Closed nilsbore closed 10 years ago

nilsbore commented 10 years ago

This pull request adds a new node, remove_edges_laser that removes a small angle at the beginning and end of the laser scan. This new scan is then used to add obstacles in the costmap while the old, full, scan is used for clearing them. This should solve https://github.com/strands-project/strands_movebase/issues/25 .

Since I am unable to try this out on Rosie atm (going on 48 hours now=P) and we are performing a marathon, I would encourage those that think that this affects the performance of their robot's navigation to try it before we merge. @BFALacerda @lucasb-eyer

lucasb-eyer commented 10 years ago

Will also not try it before the marathon, but hopefully won't forget about it thereafter!

bfalacerda commented 10 years ago

Bob is using it

nilsbore commented 10 years ago

Bob: King. If there are still lingering obstacles added by the laser, you can increase the laser_angle_cutoff parameter.

nilsbore commented 10 years ago

@BFALacerda We've tested this on Rosie now also and I can't get obstacles to linger though it wasn't exactly consistent before either. Any objections to merging this?
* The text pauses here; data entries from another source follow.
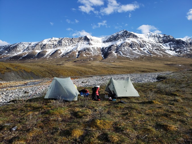 We camp on a windy bit of tundra just below the continental divide, next to a stream that is almost too silty to drink. We’re nine miles from our cache, 7.5 from where we’ll attempt to cross the formidable Sheenjek.
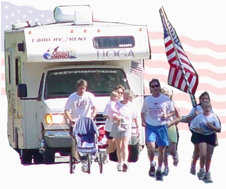 This is the RV that accompanies the runners. Normally, it is the first vehicle immediately behind the runners. Although it is equipped with a small kitchen, it does not have any AC electrical source, so the microwave and other cooking is out of the question. It does have a small toilet, but it should be used for emergencies only since the holding tank is small and the process of dumping the tank requires the RV leave the procession. This vehicle serves as the moving coordination center for the state coordinators and access is restricted. Runners are not normally boarded in this vehicle except in sparsely populated areas. Other support vehicles arranged by the states are normally used to transport runners.
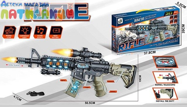 При стрелба този пистолет-автомат излъчва звук, подобен на звука на истински изстрел, а освен това има светлинни .Играчката има класически черен цвят. Можете да играете с тях „военни игри“ или просто да тренирате уменията си за стрелба с него.
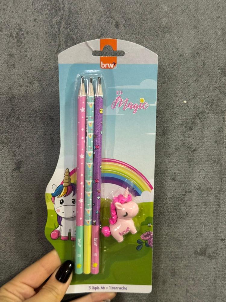 Leve mais magia para o seu material escolar com o encantador Kit Unicórnio! Composto por 3 lápis HB com estampas delicadas e uma borracha temática super fofa, esse kit é perfeito para escrever, desenhar e se divertir na escola ou em casa.
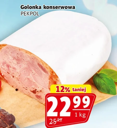 Golonka konserwowa PEKPOL jest dostępna w ofercie Prim Market w cenie 22,99 za kilogram, wcześniej 25,99, co oznacza 12% zniżkę. To gotowe do spożycia danie, idealne jako przekąska lub składnik szybkiego posiłku. Produkt charakteryzuje się wyrazistym smakiem i mięsnością, co czyni go dobrym wyborem dla miłośników tradycyjnych wędlin. Warto skorzystać z tej okazji, aby zaopatrzyć się w smaczną i wygodną golonkę. Oferta ważna od 2026-04-09 do 2026-04-15 Źródło: gazetka Prim Market
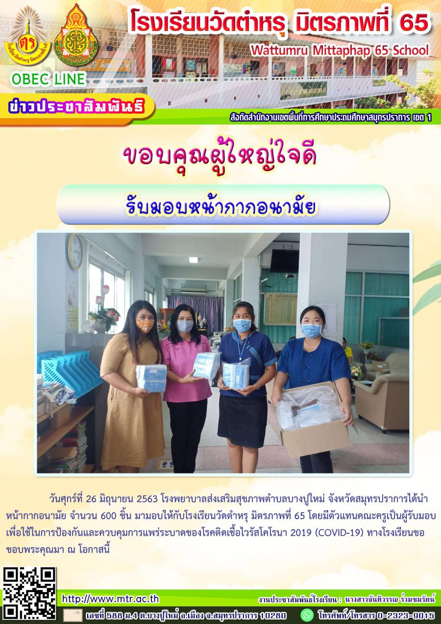 หน้ากากอนามัย จำนวน 600 ชิ้น มามอบให้กับโรงเรียนวัดตำหรุ มิตรภาพที่ 65 โดยมีตัวแทนคณะครูเป็นผู้รับมอบ

bfalacerda commented 10 years ago

we can merge it, it doesn't hurt. I'm also not 100% sure that it avoids the addition of lingering obstacles, but we had less problems since we added this.

We're also back to using the costmap reloading recovery behaviour so it's hard to know what improved the performance. Anyway, merging now and will do further testing later

lucasb-eyer commented 10 years ago

I'm also not 100% sure that it avoids the addition of lingering obstacles

I think the current costmap approach of ROS is fundamentally flawed and we'll never completely get rid of lingering points. But this sounds like it will (highly?) reduce their probability.